=== Begin Enclosure ===
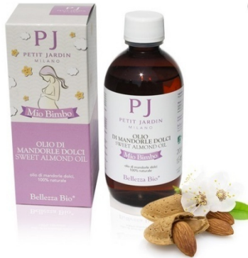
Sweet Almond Oil

This product is a valuable aid during pregnancy & breast feeding.
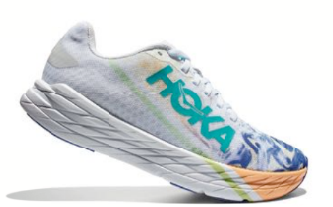
ROCKET X $180
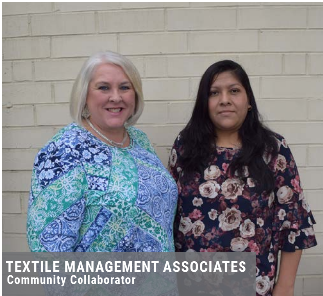
TEXTILE MANAGEMENT ASSOCIATES Community Collaborator
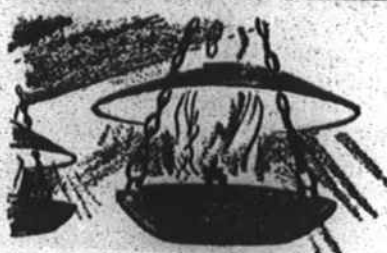
Before the Days of Electric Lights Steel plants used to be lighted by flaming oil torches suspended by chains from the roof.
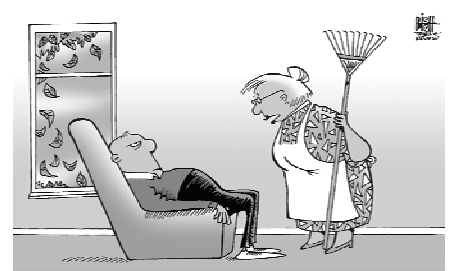
Years ago, you told me that someday you'd really be Raking it in. Here's your chance, sport

Each Wednesday during the month of October, at 7:00 PM, our CWL will lead us in praying the Holy Rosary in the Hall. Please also remember, the Holy Rosary is prayed daily, Monday to Friday at 7:30 AM in the church.
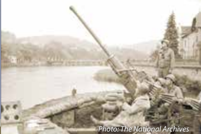
U.S. Army anti-aircraft gunners protect Epinal and the Moselle River from attacks by German aircraft.

The 5,255 graves are set in two fan shaped plots separated by a wide north-south mall lined with sycamore ( Platanus occidentalis ) trees.
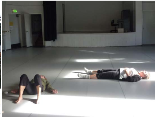
Working in and out doors & enjoying light
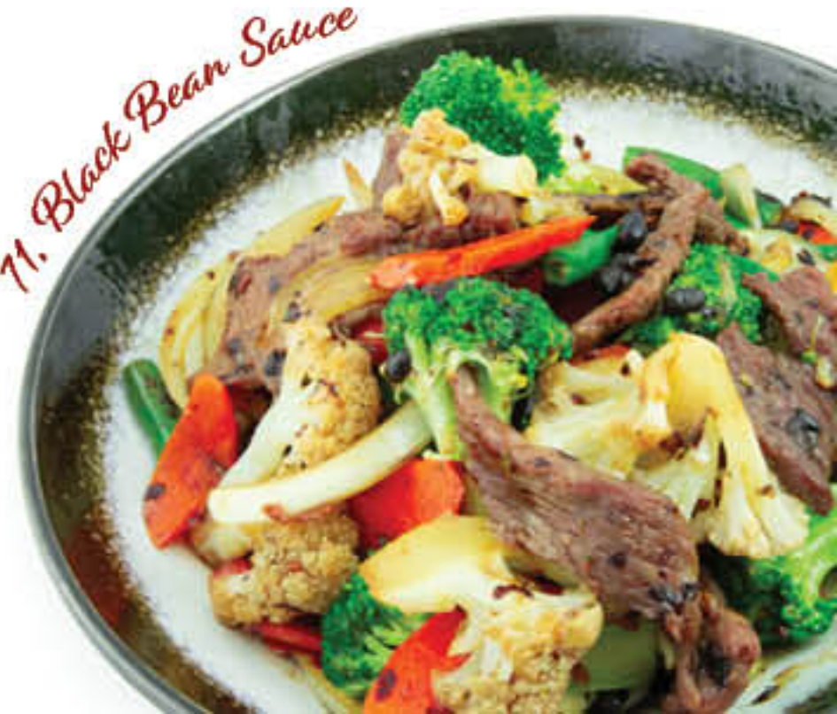
71. Black Bean Sauce

***Let our staff know if you have any food Allergies***
=== End Enclosure ===
An exact copy of the lines from the one containing "71. Black Bean Sauce" through the end of the data above is the whole answer.

### WRITTEN SOLUTION
71. Black Bean Sauce

***Let our staff know if you have any food Allergies***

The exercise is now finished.